Adding education to the equation

When Gus and Madeline Chikamba first launched their program in Zimbabwe they put on a basketball camp, partnered with a local coach and donated 100 new basketballs provided by the Pacers.

Later, it occurred to Gus that there was no way to verify the balls would ever get where they were needed. So the Chikambas decided they would work through schools, Gus said, for these three reasons: "We thought if we partner with schools as a way of verifying where all the donated materials go, that's one. Secondly, schools will deliver the maximum participation. Thirdly, the school concept ties into the education component we want to address."

Another element is that it's a way to ensure that females can be involved, whether it's in participation or leadership. Soccer is the No. 1 sport in Zimbabwe, yet girls traditionally haven't had much opportunity to play it.

Chikamba says girls haven't received the same opportunities in sports or education in Zimbabwe because many fathers have believed their daughters would have no options but to marry young, so school and sports were superfluous. Yet Chikamba says his father made certain his four daughters received good educations, and each has been successful in their lives and communities.

"If we break that paradigm, if we break that cultural concept to where we begin to empower the girl child at a relatively young age, you will be amazed what she can do," Chikamba said. "In Africa we have a saying: 'When you educate a woman, you educate the entire village.'"

Majoni says he and other coaches regularly talk to their athletes about topics such as gender equity and HIV/AIDS awareness. When they go to tournaments, coaches carve out time for lectures and discussion.

"Before we start the tournament, we discuss issues about life," Majoni said. "We teach them life skills."

Barbara Soria, who works with Chikamba at Capital Group, has led fundraising efforts as a board member. She says as the program has gained momentum over the past three years, Americans who have donated are excited by the payoff.

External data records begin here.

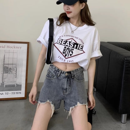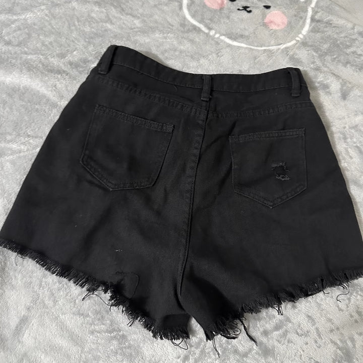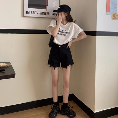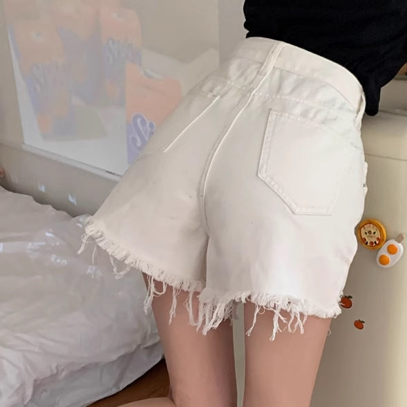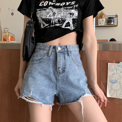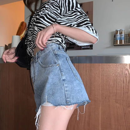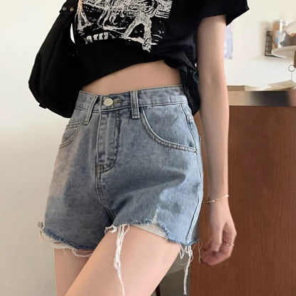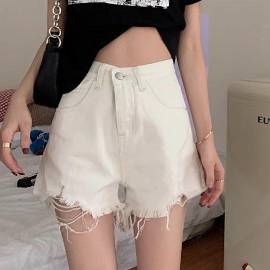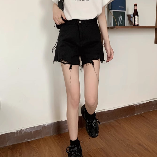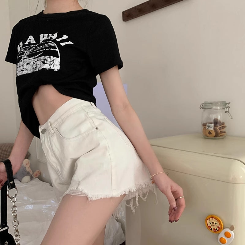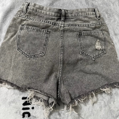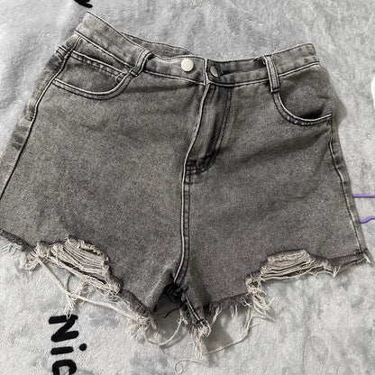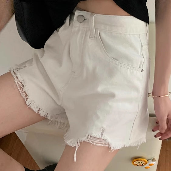 デニムショートパンツ レディース 韓国 ファッション クラッシュ加工 裾フレア アッシュカラー ダメージ加工
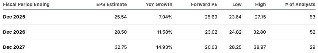 更高的资本支出和 Reality Labs 的亏损都可能在未来几个季度对该股构成阻力。然而,Meta 强大的盈利能力和适中的市盈率应该有助于推动其股价进一步上涨。Meta 目前的市盈率仅为 2025 财年每股收益预期的 23 倍,考虑到未来的每股收益增长预测以及新 AI 工具和应用的盈利潜力,这个估值相当合理。
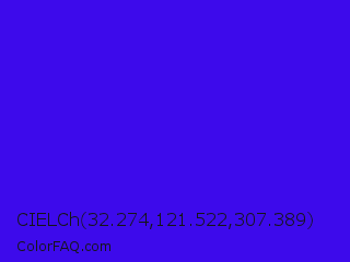 CIELCh 32.274,121.522,307.389 Color is a normal indigo color and the nearest color is Electric Ultramarine #3f00ff. Hex code #3d0aeb and RGB value is rgb(61,10,235). In RGB color space, this color is composed of 24% red, 4% green, 92% blue, In CMYK color space, this color is composed of 74% cyan, 96% magenta, 0% yellow , 8% black , In HSL color space, this color has a hue angle of 254° , 92% saturation and 48% lightness.
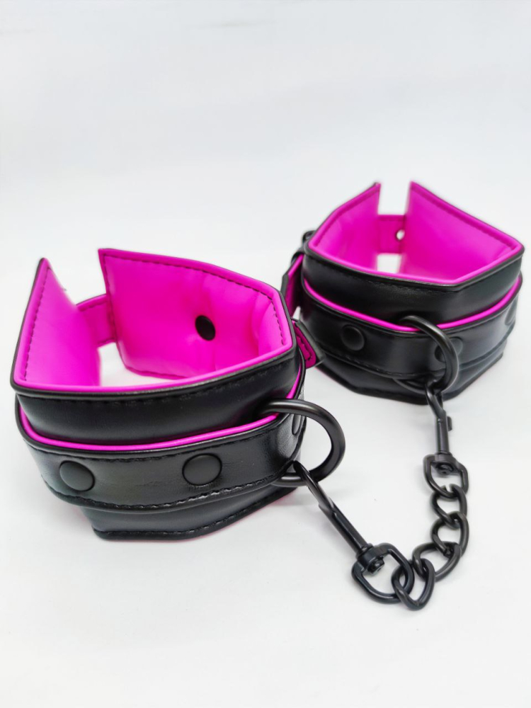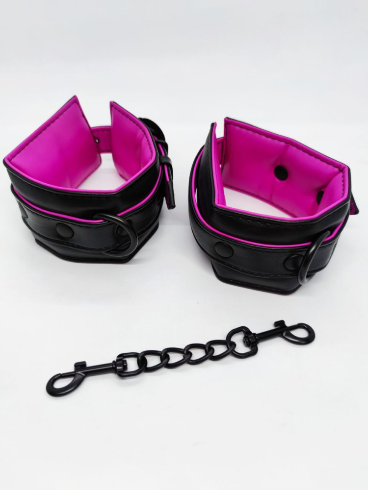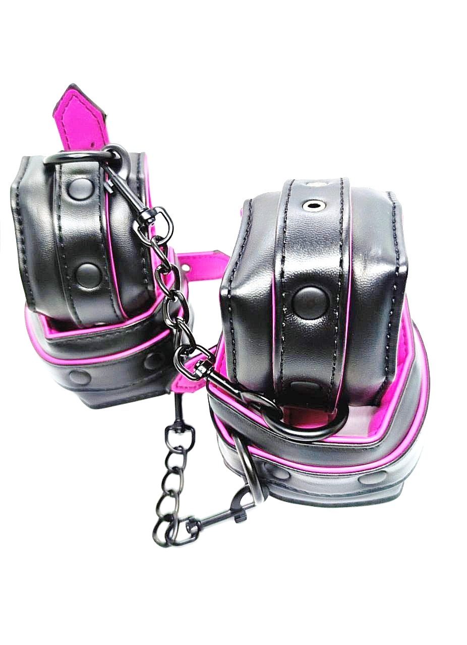 Фіксація для тіла зі штучної шкіри з двостороннім забарвленням чорної зовні та рожевої всередині DS Fetish Kit of handcuffs and ankles

"For somebody to say, 'For $1,500 I can sponsor a basketball court,' and we literally send them a link where they can watch the development of the building of the court," she said. "It's tangible."

Others donate to pay for trophies or medals, sports equipment, clean-water projects or to sponsor a student-athlete's tuition at a rural school.

It's possible that someday Africa Outreach USA will produce athletes who go to the United States to play in college or the pros. If that happens, Chikamba believes the positive ripple effects in Zimbabwe would be significant.

The true focus, however, is to give kids opportunities for a better life.

"Being born and raised out of Africa," Chikamba said, "the concept is to empower those communities, including the academic institutions, to really raise these kids so they can contribute back to the community."